Pao leiurus
- Conservation status: Least Concern (IUCN 3.1)

Scientific classification
- Kingdom: Animalia
- Phylum: Chordata
- Class: Actinopterygii
- Order: Tetraodontiformes
- Family: Tetraodontidae
- Genus: Pao
- Species: P. leiurus
- Binomial name: Pao leiurus (Bleeker, 1850)
- Synonyms: Tetraodon leiurus Bleeker, 1850; Monotrete leiurus (Bleeker, 1850);

= Pao leiurus =

- Authority: (Bleeker, 1850)
- Conservation status: LC
- Synonyms: Tetraodon leiurus Bleeker, 1850, Monotrete leiurus (Bleeker, 1850)

Species of fish

Pao leiurus is a species of pufferfish found in Southeast Asia from Thailand to Indonesia and in particular the Mekong basin. It is occasionally imported into the aquarium trade but is reported to be aggressive and snappish.

==Characteristics==
P. leiurus, which grows to around 16 cm, can be identified by dirty brown, brownish grey or gray markings on the upper part of the body which is poorly separated from markings on the lower body which tends to be dirty off-white, yellowish or pale grey with dusky mottling or spots. P. leiurus also typically display occelated spots which may be red, green or blue.

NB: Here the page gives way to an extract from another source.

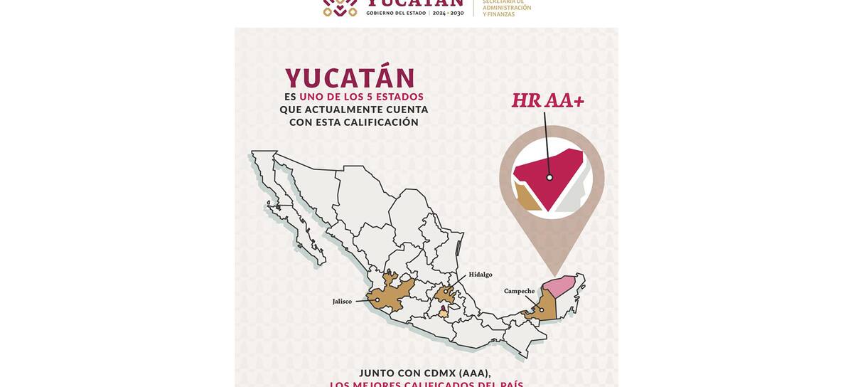 Yucatán alcanza la calificación HR AA+ y se posiciona entre las entidades federativas con mayor solidez financiera vigente en el país, de acuerdo con HR Ratings. “Solo cinco estados comparten actualmente este nivel de confianza crediticia. Este reconocimiento reafirma el liderazgo financiero de Yucatán y proyecta al estado como un referente nacional en responsabilidad, estabilidad y visión de futuro”, puntualiza.

P. leiurus are typically found in tropical freshwater or brackish water, with temperatures ranging between 24 °C and 28 °C, including streams and rivers in upland and lowland areas, flowing and standing water habitats, swamps, and reservoirs.

Like most Tetraodontidae, P. leiurus is a molluscivore and feeds on molluscs, crustaceans, and other invertebrates.